Witness says no evidence of 14M tonnes of rice sales; court told about collusion between rice millers and farmers.
A KEY state witness in the third hearing on alleged mismanagement of the Yingluck Shinawatra government’s rice-pledging scheme testified before the Supreme Court yesterday that most of the government-to-government (G-to-G) rice deals totalling 14 million tonnes were fake.
Meanwhile, another state witness told the court that some rice millers had colluded with farmers to abuse the scheme whose losses amounted to more than Bt500 billion.
Vichai Sriprasert, honorary president of the Thai Rice Exporters’ Association, told the court that only 1 million tonnes of rice were sold on a G-to-G basis, to China, during the previous government’s tenure.
However, there was no credible evidence for combined G-to-G sales of as much as 14 million tonnes as claimed by the previous government, according to Vichai.
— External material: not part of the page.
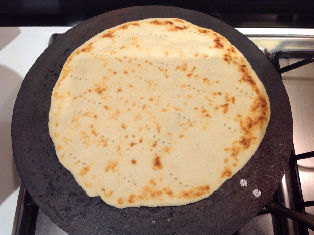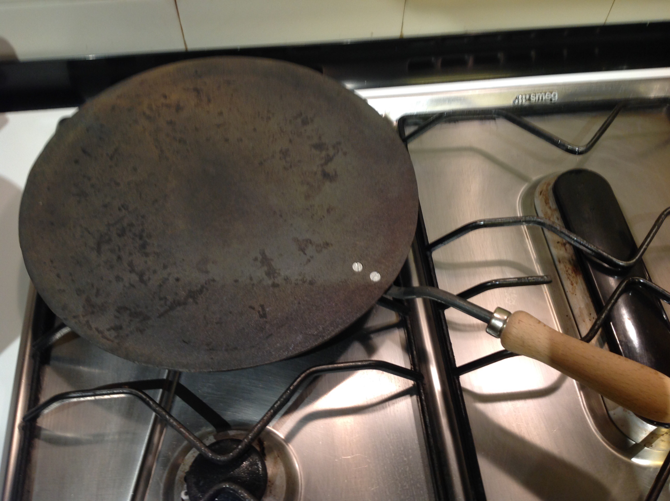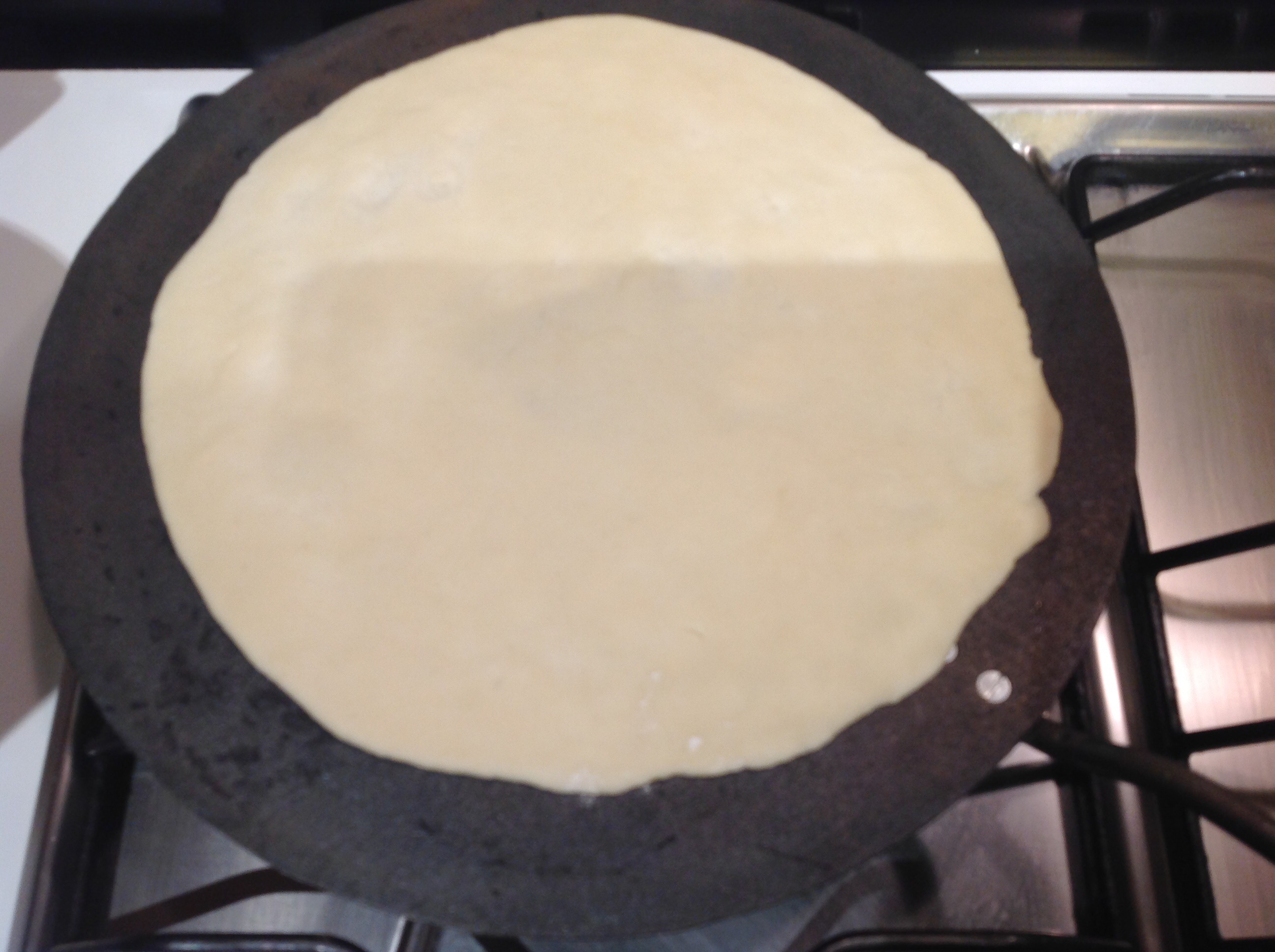Ho scaldato il testo di ferro (che è proprio la “pentola” per la piadina) se non lo avete adoperate una padella bassa tipo quella per le crêpes

Former prime minister Yingluck Shinawatra, who also attended yesterday’s court hearing, is facing criminal charges of negligence for alleged failure to prevent corruption in implementing the controversial rice-subsidy scheme.
There were about 200 well-wishers at the Supreme Court’s premises yesterday, who gave moral support to the ousted former premier.
The Yingluck government spent a record amount – close to Bt1 trillion of taxpayers’ money – to buy more than 10 million tonnes of rice from farmers at Bt15,000 per tonne against the market price of only Bt9,000 at that time, resulting in enormous losses.
A recent government investigation showed that farmers had benefited from the scheme but there were many loopholes in the implementation that resulted in excessive losses.
In addition to criminal charges filed with the Supreme Court, Yingluck is facing a potential civil liability lawsuit for causing damage to the state. Vichai, who has been in the rice trading business for about 40 years, told the court that Thailand usually produces 20 million tonnes of rice annually, with half of the output for domestic consumption while the other half is exported.
In his opinion, the Yingluck government’s programme suffered heavy losses because of mismanagement and failure to follow market mechanisms.
The rice exporters’ association had urged the Yingluck government to review the programme many times, but there was no response, he said, adding the buying price set by her government was not consistent with the market price, resulting in big losses.
During a cross-examination, a lawyer representing Yingluck questioned the state witness and pointed out that the higher buying price set by the previous government had benefited farmers. However, Vichai said the price was far too high considering the prevailing market price at the time, as a result it was not possible for the government to sell its rice inventory adequately to manage its position and minimise losses with such a price intervention scheme.
The inappropriate price also led to huge government stocks whose rice quality would have deteriorated over time, while the scheme lasted nearly three years resulting in more damage.
Another state witness, Rawee Rungruang, leader of a farmers’ network, told the court that the rice-subsidy scheme was good for farmers, but it was not implemented efficiently, resulting in abuses totalling 270 cases nationwide in which millers and farmers colluded to qualify for the scheme.
Meanwhile, Suebpong Sripongkul, spokesman of the Criminal Court, said court hearings and testimonies should not be interpreted to mislead the public in this controversial case. In addition, he said, witnesses should not give media interviews while the court is still deliberating the case.